We found a Variety review that's actually good and we're shook
The Original Review
“Stone, in a role that demands she be outrageous and controlled at once, gives a dazzling performance that makes the movie a celebration of female desire in all its messy glory.”
It causes me no small measure of discomfort to confess this — comme un aristocrate contraint d'applaudir un roturier — but Owen Gleiberman's review of Poor Things is that rarest of creatures in the barren savanna of contemporary film journalism: actual criticism. He engages with the work. He locates Lanthimos within a lineage of surrealist provocation. He discusses the fisheye lenses not as a visual gimmick but as a formal strategy for externalizing Bella Baxter's epistemological awakening. One almost forgets one is reading Variety.

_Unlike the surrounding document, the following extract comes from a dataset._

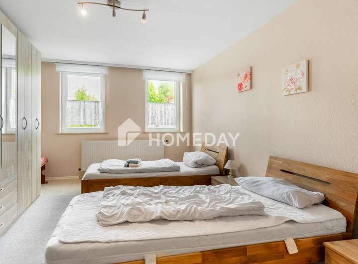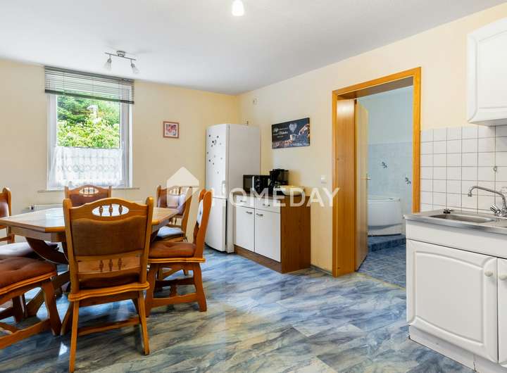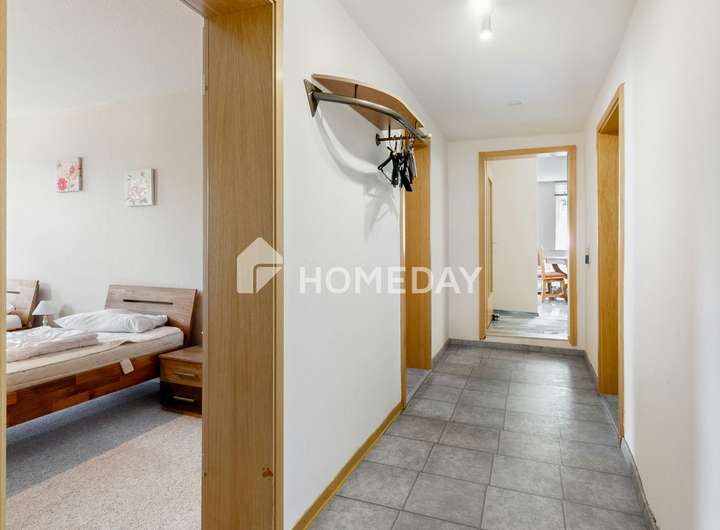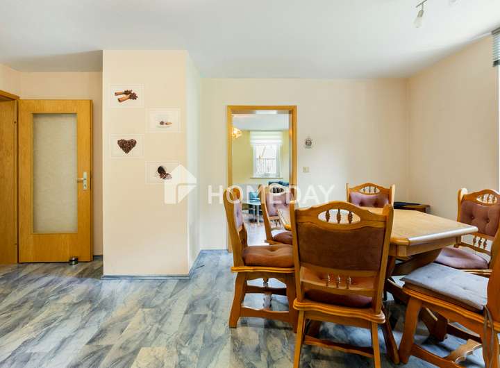 Die Ausstattung der Wohnräume ist funktional und vielseitig: Je nach Einheit wurden Fliesen, Laminat oder Auslegware verlegt – in den Ferienwohnungen ausschließlich pflegeleichte, teppichfreie Böden. Für eine behagliche Atmosphäre sorgt die Gaszentralheizung aus dem Jahr 2009, die über Heizkörper alle Räume effizient mit Wärme versorgt. Die Kunststofffenster mit Zweifach-Verglasung tragen zusätzlich zur Energieeffizienz bei.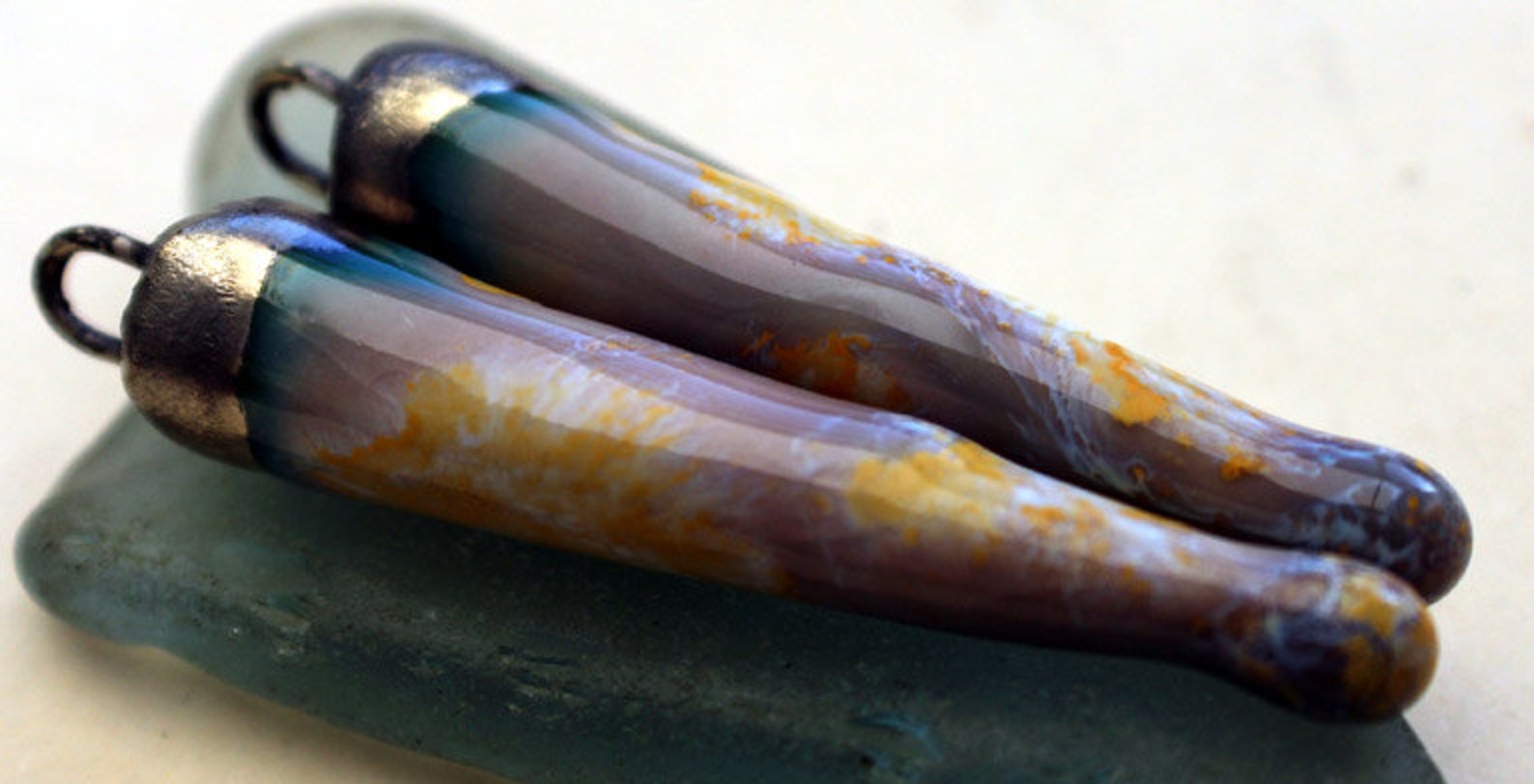 A pair of glazed spikes on hoops. Formed in Earthstone , and fired with Polynesian Lagoon glaze and Bronze clay. All slightly different, but on average 35mms, plus the hoop. ©ScorchedEarthDesigns

What elevates this review above the swamp of its peers is Gleiberman's willingness to be specific. He does not merely gesture at 'stunning production design' — that laziest of critical non-statements — but rather traces the connection between the film's Victorian-grotesque aesthetic and its thematic preoccupation with bodily autonomy. He writes about Emma Stone's performance with the kind of granular attention that recalls Bazin on Chaplin: noting how she calibrates each stage of Bella's intellectual development through posture, cadence, and the precise modulation of her gaze. This is what criticism looks like when the practitioner has actually read something beyond their own publication's house style guide.
I withhold the final points because Gleiberman cannot resist several paragraphs of Venice Film Festival atmosphere — the gondolas, the buzz, the midnight screenings — which is the trade-publication equivalent of a chef describing the market where he bought his tomatoes. Nobody cares, Owen. But this remains a formidable piece of writing, and if the rest of the profession wrote with half this seriousness, I would have considerably less material for this column.